(Editor’s note: Bandon Dunes Golf Resort is celebrating its 25th anniversary and Golfweek Travel Editor Jason Lusk put together a comprehensive package for the occasion, complete with Q&As of pivotal people in and around the operation. To see the entire package of stories, click here.)
The quality of sleep enjoyed by a tortured golfer is inversely proportional to the number of swing thoughts agitating the mind. Thus, on most nights my attempts at finding rest involve not counting sheep but playing golf in my mind’s eye. Almost always, those rounds are at Bandon Dunes.
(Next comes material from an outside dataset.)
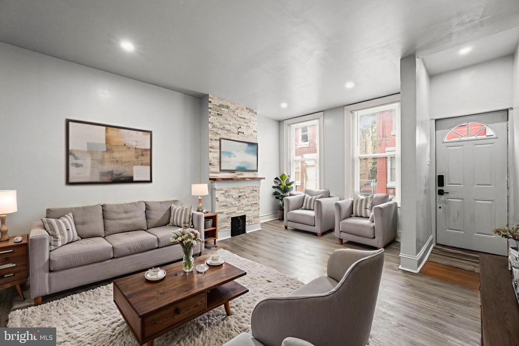 Welcome to 1232 W Sergeant Street, a beautifully updated home in the heart of Philadelphia offering style, space, and functionality. Step inside to find fresh paint and brand-new luxury plank flooring that flows through the open-concept living and dining areas. Bathed in natural light and enhanced by recessed lighting, the space feels bright and inviting. A stone-accented faux fireplace with a wood mantle adds a warm, cozy focal point. The modern kitchen is outfitted with gray shaker cabinets, sleek countertops, a stylish backsplash, and stainless-steel appliances including a range, hood, and refrigerator. Upstairs, you’ll discover a spacious primary bedroom, two additional bedrooms, and a fully renovated bathroom with designer finishes. The finished basement offers additional living space, a laundry area, and a convenient half bath, perfect for a home office, playroom, or guest retreat. Out back, the fenced yard provides the perfect outdoor space to relax, grill, or entertain. Don’t miss your chance to own this move-in-ready gem at 1232 W Sergeant Street, a perfect blend of modern upgrades and classic charm.

It’s been over 20 years since I first visited Mike Keiser’s refuge on the Oregon coast, and the more than 100 rounds I’ve played there are among my fondest memories. Like the Solstice in 2012, four rounds in one day. The first ball was airborne (barely) at 5:35 a.m., the last putt dropped at 8:10 p.m., the first cocktail moments later. Or the time I watched with unsporting glee as a friend needed 51 putts on Old Macdonald (he was a perfect 33 through 11 until he unexpectedly two-putted the 12th). Or when I played a three-club tournament on the same course and chose my weapons badly: putter, hybrid, 7-iron. On the seventh hole, I tried the putter backward and left-handed to use the flange for a steep bunker shot. It worked, then I three-jacked on the green when using it conventionally.
But Bandon Dunes is also where apathy over swing dysfunction became apparent. Maybe a decade back, I was there with Brandel Chamblee, so already the trip was suboptimal. We were playing Bandon Trails, the Bill Coore-Ben Crenshaw design that features many holes I love and one I loathe. We reached the 14th, a 325-yarder where caddies will tell you they count many more 6s than 4s.
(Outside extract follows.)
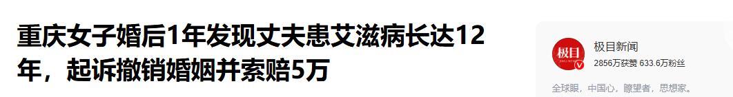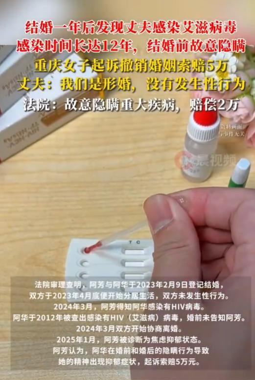 重庆女子和丈夫从恋爱到结婚,发现他都对夫妻生活非常排斥,甚至宁愿分居也不愿碰她。原本女子以为丈夫“不行”,却不料,婚后1年意外发现,丈夫隐瞒了12年的艾滋病史。女子觉得被欺骗,为此还患上抑郁症。最终她将丈夫告上法庭,索赔5万。 7月30日报道,重庆女子小美从来没有想过,她原本无比期待的婚姻,竟会因为丈夫,让她每天陷入无穷的恐惧之中。2023年2月,小美和阿虎相识相恋,两人很快就领了结婚证,可是结婚不过两个月,新婚夫妇就开始了分居生活。 原来,小美发现丈夫总是对自己为空避之不及,不管是在谈恋爱的时候,还是结婚之后,总不愿意碰自己。这样的婚姻也没有意思,小美索性直接蜂聚,各过各的。两人虽然有名义上的关系,但和陌生人没有任何区别。 直到2024年3月,小美终于找到答案,明白丈夫为什么始终不愿意碰自己了。 小美在阿虎的住所中发现了一张医院的诊疗单,上面显示阿虎感染了艾滋病,小美顿时就感觉到非常害怕,虽然分居,但是自己依旧和阿虎是最亲近的人。小美就找到阿虎对质,阿虎见隐瞒不住,索性坦白,说他从2012年就被确诊了艾滋病。 小美当时就懵了,自己的婚姻为什么突然变成了这样,阿虎明明知道自己有病,为什么隐瞒自己结婚?这让她如何再嫁人。小美对自己的前路充满迷茫,每天陷入无限的焦虑和恐慌中。 为此小美患上了抑郁症,小美知道自己不能坐以待毙。所以就将阿虎告上了法庭,要求撤销婚姻,并索赔5万元。 可是在法庭上,阿虎说,两人在结婚之前都说了他们属于名义上的结婚,并且阿虎也和小美做了婚前体检。不进行夫妻生活,是小美在结婚之前说不想要小孩子,所以就拒绝了夫妻生活,后来两人才分居了的。 至于小美没有得到阿虎的婚检结果,就是因为小美将“丁克”的思想告诉了婚检的工作人员,所以婚检机构才没有给小美下达体检通知。可是小美认为,不管自己要不要孩子,自己都是有知情权的,阿虎不应该隐瞒自己有重大疾病的事实。 最终,法院审理认为,双方属于可撤销婚姻的情况,故判决两人婚姻无效,并勒令阿虎赔偿小美2万元的精神损失。 事情传到网上之后,有网友觉得阿虎的不坦诚是一方面。但是婚检机构只检查,不告知也存在很大的问题。更重要的是,他们已经检查出来了艾滋病患者,不管家属知不知情,都应该尽责履行告知义务,不然也不会造成这么大的误会。 现在很多年轻人为了应付家里也好,或者有其他的喜好也罢,形式婚姻正在迅速增加。但是不管是何种婚姻,还是不能草率,一定要看清楚对方的性格,尤其是婚前真的非常必要。 对此,你怎么看呢?欢迎在下方评论~

I’ve railed against the hole since it opened in 2005. Once, I was headed to Trails with a course architecture writer when he handed me his phone, mid-call. “Eamon, this is Bill Coore,” came a gentle drawl. “I just want to remind you, again, that No. 14 was Ben’s idea.”
On the tee with Chamblee, I sniped one left into the woods, a trend established over the previous 13 holes. Dejected, I handed the driver back to my longtime, long-suffering caddie, Shanks. “That’s my last swing,” I said.
“No, it isn’t!” Chamblee said, laughing.
“Watch me,” I replied.
I spent the remainder of the trip beating balls on the range and saw more of the milkshake lady at the Dairy Queen downtown than I did of Chamblee (so it wasn’t all bad).
It was an ominous sign of my eventual descent to total range rat, happy to hit balls all day as long as I didn’t have to go find them. Which explains why I haven’t been back to Bandon Dunes in eight years.
No. 16 at Bandon Dunes, which Eamon Lynch considers among his favorite holes on the planet (Courtesy of Bandon Dunes Golf Resort)
Yet still I lie a couple thousand miles east with photographic recall of holes that gave me fits (the aforementioned 14th at Trails, the fifth at Bandon Dunes) and those I rank among my favorites on the planet (the fourth at Pacific Dunes, the fifth at Trails, the 16th at Bandon Dunes). I don’t dream of the Sheep Ranch though. I only saw that property when one group a day would be dropped off to devise their own layout from 13 green complexes scattered on a bluff north of the resort, years before it became the latest acclaimed course in the portfolio.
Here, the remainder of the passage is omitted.